The Return of the Zumwalt Guided-Missile Destroyers
Mackenzie Eaglen / Lajos F. Szaszdi /
The U.S. Navy has approved contracts to finish building the hulls of the second and third ships of the Zumwalt class of guided-missile destroyers being constructed at General Dynamics Bath Iron Works in Maine. The $1.8 billion contract will also fund systems integration of the DDG-1001 Michael Monsoor and DDG-1002. The second ship of the class is named after the late Navy SEAL Michael A. Monsoor, who received the Medal of Honor for sacrificing his life for his fellow SEAL team members in Iraq.
Despite the fact that the military is implementing massive budget cuts right now, the Navy’s decision to complete the final two destroyers of the Zumwalt class is sound. As Heritage described at length, Zumwalt destroyers are truly 21st century warships in technological advancements and firepower. Compared to the Arleigh Burke class of guided-missile destroyers, the Zumwalts are the equivalent of the dreadnought battleships at the beginning of the 20th century, with the Arleigh Burkes being comparatively pre-dreadnoughts.

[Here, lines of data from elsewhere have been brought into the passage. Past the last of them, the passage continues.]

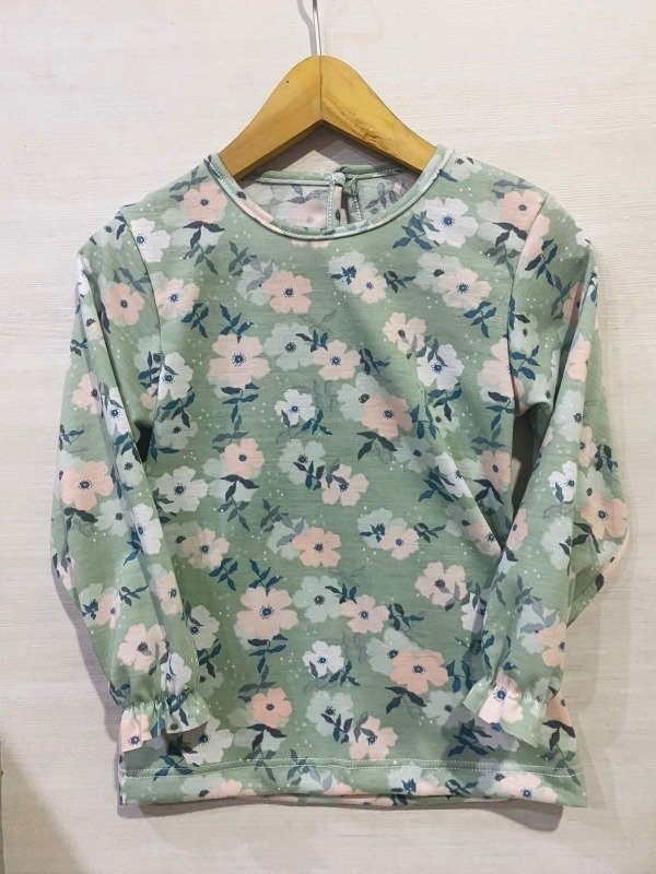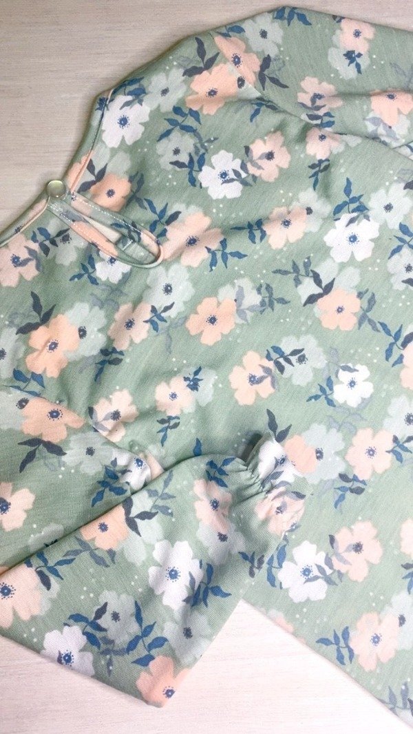 Remera de jersey de algodón, con botón en el cuello y elástico en mangas. Super delicada!
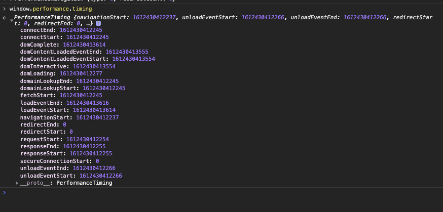| redirectTime | Page redirection time | redirectEnd – redirectStart | If the current document and the document that is redirected to are not from the same origin, set redirectStart, redirectEnd to 0 |
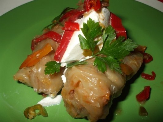 Serviti-le cu smantana, daca doriti si garnisiti-le cu fasiile de ardei rosu, verdeata si feliute de ardei iute (dupa preferinta).
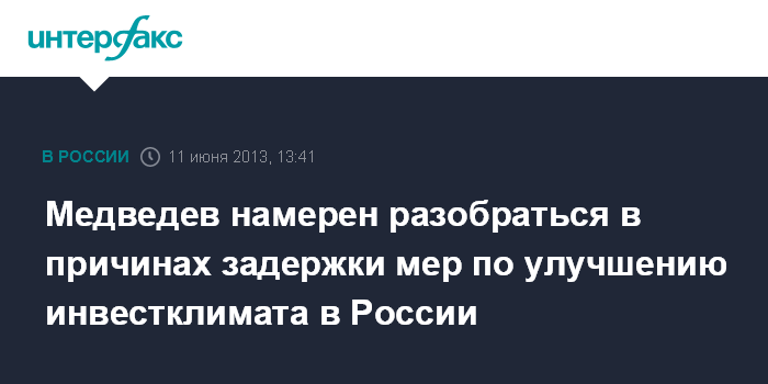 Медведев намерен разобраться в причинах задержки мер по улучшению инвестклимата в России
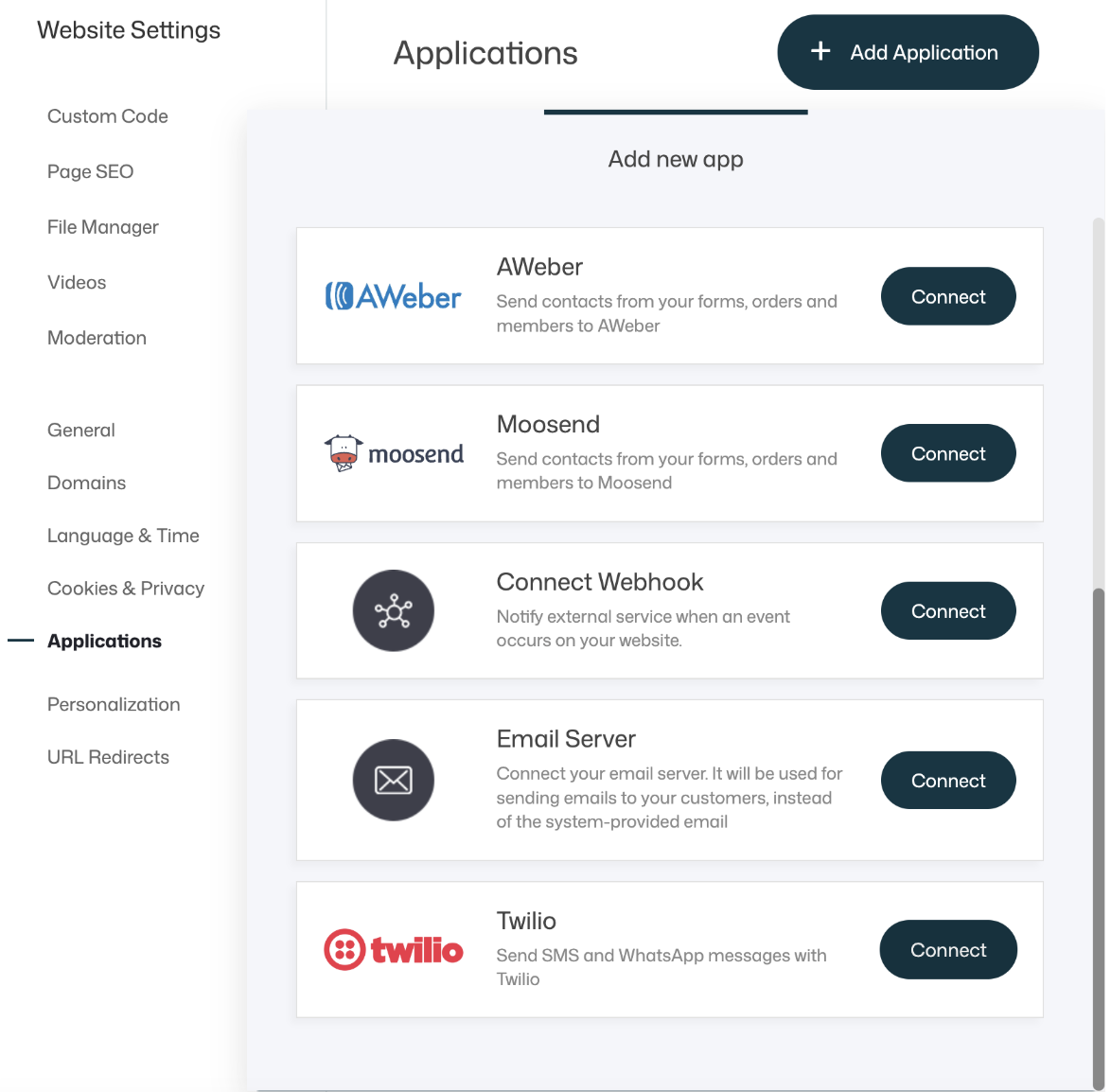 - In Recrevio, navigate to Web Studio > Website Settings > Applications > Add Application
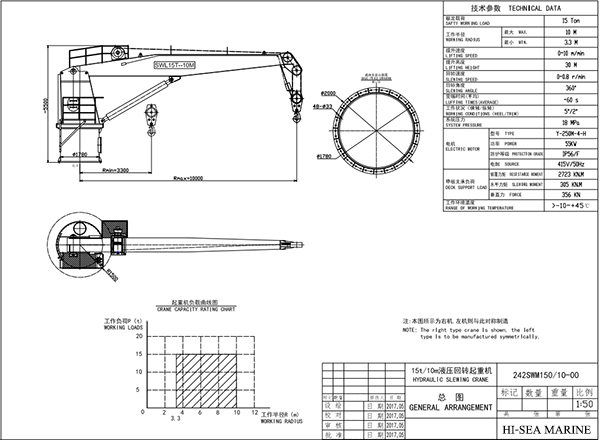 A 15T hydraulic slewing crane is a type of marine crane that is designed to lift and move heavy loads with precision and flexibility. The 15T indicates a lifting capacity of 15 metric tons or 33,000 pounds. Safety is a critical consideration when operating a 15T hydraulic slewing crane, as accidents can result in serious injury or damage to equipment. Proper training and maintenance are essential to ensure safe and efficient operation. The crane should also be equipped with safety features such as overload protection, emergency stop buttons, and warning signals. It is important to follow all relevant regulations and guidelines when using a hydraulic slewing crane, including those related to weight limits, load distribution, and crane stability.
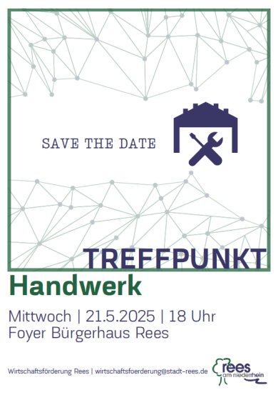 Mit dem „TREFFPUNKTHandwerk“ bietet die Stadt Rees eine Plattform für Vernetzung, Innovation und Inspiration. Die Teilnahme an der Veranstaltung ist kostenlos, eine vorherige Anmeldung ist erbeten: wirtschaftsfoerderung@stadt-rees.de.

Even though the Navy decided to remove the S-band Volume Search Radar (VSR) from the DDG-1000’s original Dual Band Radar system (due to a Nunn–McCurdy breach), the remaining Raytheon AN/SPY-3 solid state X-band Multifunction Radar is being modified to perform these functions. The antenna of the SPY-3 radar could potentially be built with an antenna aperture with a larger area. The original aperture of the SPY-3 radar is 5.6 square meters compared to the VSR aperture of 16.4 square meters. Raytheon also produces the AN/TPY-2, a solid state X-band multifunction, phased array radar, which is the surveillance and fire-control sensor of the Terminal High-Altitude Air Defense ballistic missile defense system. The antenna aperture of AN/TPY-2 is 9.2 square meters, and SPY-3’s antenna could be enlarged to include more transmit/receive modules, which would allow detection and tracking of more targets. The AN/TPY-2 radar has a detection range of 1,000 km. A modified and enlarged SPY-3 could very well have a ballistic missile defense capability as powerful as the AN/TPY-2. In addition, renowned naval expert Norman Polmar described the SPY-3 radar as capable of directing to target both the Standard SM-2 anti-aircraft and SM-3 missile defense missiles, as well as a new generation of surface-to-air missiles.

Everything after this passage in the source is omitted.